There have admittedly been calls from both a number of concerned critical scholars and indeed right-wing preservationists to bring about more control and regulation over the conduct of these entities. Whereas those on the right see the challenge of bringing the corporations back into the national fold, the more radical have demanded more regulatory power over both their profitability, their very status as private entities, and also to have more say over the ethical nature of their content. The latter being more an extension of the cultural wars and the fight over permissible speech.

None of these however deal with the fact that ultimately these platforms have really transformed the political landscape of our times to become the dominant actors shaping the conduct of life, its ontological and epistemological claims, its technological visions, and its new metaphysical orientations. And none of them therefore deal with deeper philosophical questions on the links between life, technology and theology, including how we have fully given over to the idea that the correct use of technology (including the ethical regulation of thought itself) is able to rid the world from its evils.

Twitter is notable here having become a formidable public forum in its own right, which has led to the infantilisation, hyper-moralisation, simplification and suffocation of the political imagination.

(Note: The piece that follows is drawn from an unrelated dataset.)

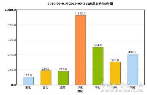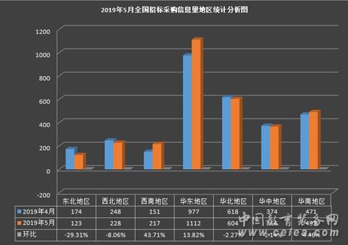 綜合5月全國招標采購信息量地區統計分析圖(如圖5所示):華南地區環比增長4.46%;華東地區環比增長13.82%;西南地區環比增長43.71%;華中地區環比下降2.14%;東北地區環比下降29.31%;華北地區環比下降2.27%;西北地區環比下降8.06%。
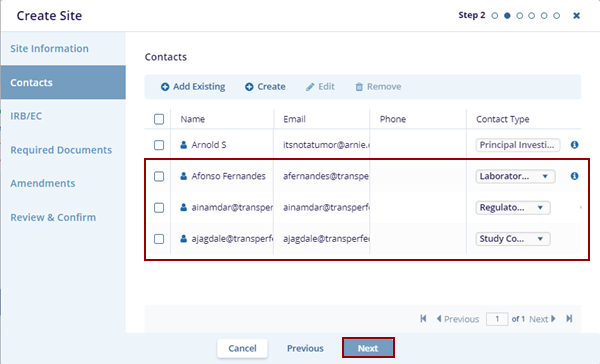 - The Contact’s tab is displayed on the Create Site pop-up window.

Having been on the platform for a number of years, a week before Trumps banishment I decided to leave. I had come to realise how it effectively exists for its own purpose, with much of its vitriolic content concerning what others had said on its very terrains – often to deride and publicly shame their provocations. Dramas about said tweeted dramas, fifty-character witch-hunts by actors who demand the freedom to all think alike, morality aside what’s revealed is the luxury and privilege of time wasted.

Not only had Twitter become a self-perpetuating motion machine whose sole purpose was its own activity. While emboldening the bigoted politics of the identarian right, it has also resulted in a notable collapse between the radical and the religious by a new tribe of morally certain priests on the left, who invoking tired modernist terms (we might have hoped students of Nietzsche had long since settled) such as “progressive” “rational” and “reactionary” have become a parody of predictability.

Just another personal observation, every time I have written a sustained critique of technology on social media platforms, it tends to get considerable interaction for about 1 hour then somehow magically falls off a cliff. I guess the algorithms deem these interventions to be less important or at least have less staying power than pictures of cats! Then again, in an age where nothing is certain, maybe it’s also about making everyone feel they are on the verge of being some conspiratorial whack!

Like many, I admittedly breathed a sigh of relief knowing there won’t be another four years of a Trump Presidency. But the political solution to dealing with the dangerous divisions now facing the planet is certainly not to give more regulatory power to undemocratic, nameless and faceless entities, which have already become the key power brokers in global politics and like all good students of politics, they have learned that Sovereign power begins with one notable decision: the right to ban.

 

Brad Evans is a political philosopher, critical theorist and writer, whose work specialises on the problem of violence. His most recent book is: Violence: Humans in Dark Times.